PyPy apart, we wouldn’t have to rewrite everything. It would just be simpler to add new functions written in Python. On Mon, Dec 9, 2019 at 09:29 Andrew Barnert <abarnert@yahoo.com> wrote:
On Dec 8, 2019, at 22:01, Tim Peters <tim.peters@gmail.com> wrote:
BTW, another change I'd make is to break the tradition of coding every itertools function in C. That makes the implementation bar much higher, and the other similar packages (more_itertools, toolz.itertools) don't bother. There's also that pypy has trouble optimizing code using itertools heavily, _because_ it's written in C instead of Python.
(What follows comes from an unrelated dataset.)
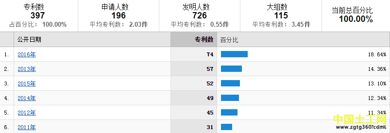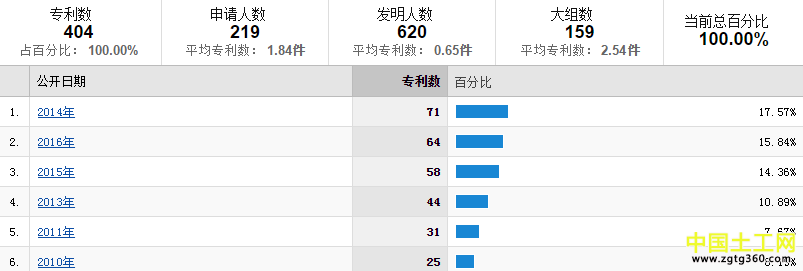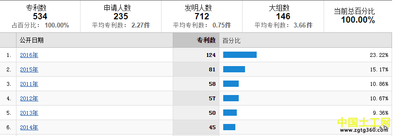 以申報(bào)專利為例,分別以“土工格柵”、“土工布”、“土工膜”為關(guān)鍵詞進(jìn)行檢索,各自的數(shù)量分別為534項(xiàng)、404項(xiàng)、397項(xiàng),且主要集中在近5年內(nèi)。

Didn’t PyPy already make the fix years ago of rewriting all of itertools (for both 2.7 and 3.3 or whenever) as “Python builtins” in the underlying namespace?
Also, even if I’m remembering wrong, just writing a Python module in front of the C module, with most of the functions still being C-only, wouldn’t help PyPy. You’d still need to port every function to Python (and be aware that the “equivalent code” in the help is usually only a rough equivalent with subtle differences, so you’d have to spot, fix, and write unit tests for all of those), with the C only an optional accelerator, a la PEP 399 (the requirements for C accelerators in newly-added modules).
Which is far from impossible, it’s just more work than it seems like anyone’s ever been willing to do each time it comes up (and you’re right, it comes up every time a new potentially useful itertools tool is proposed…). If someone cares about first enough to finally do that, I’m +1 on the proposal instead of 0.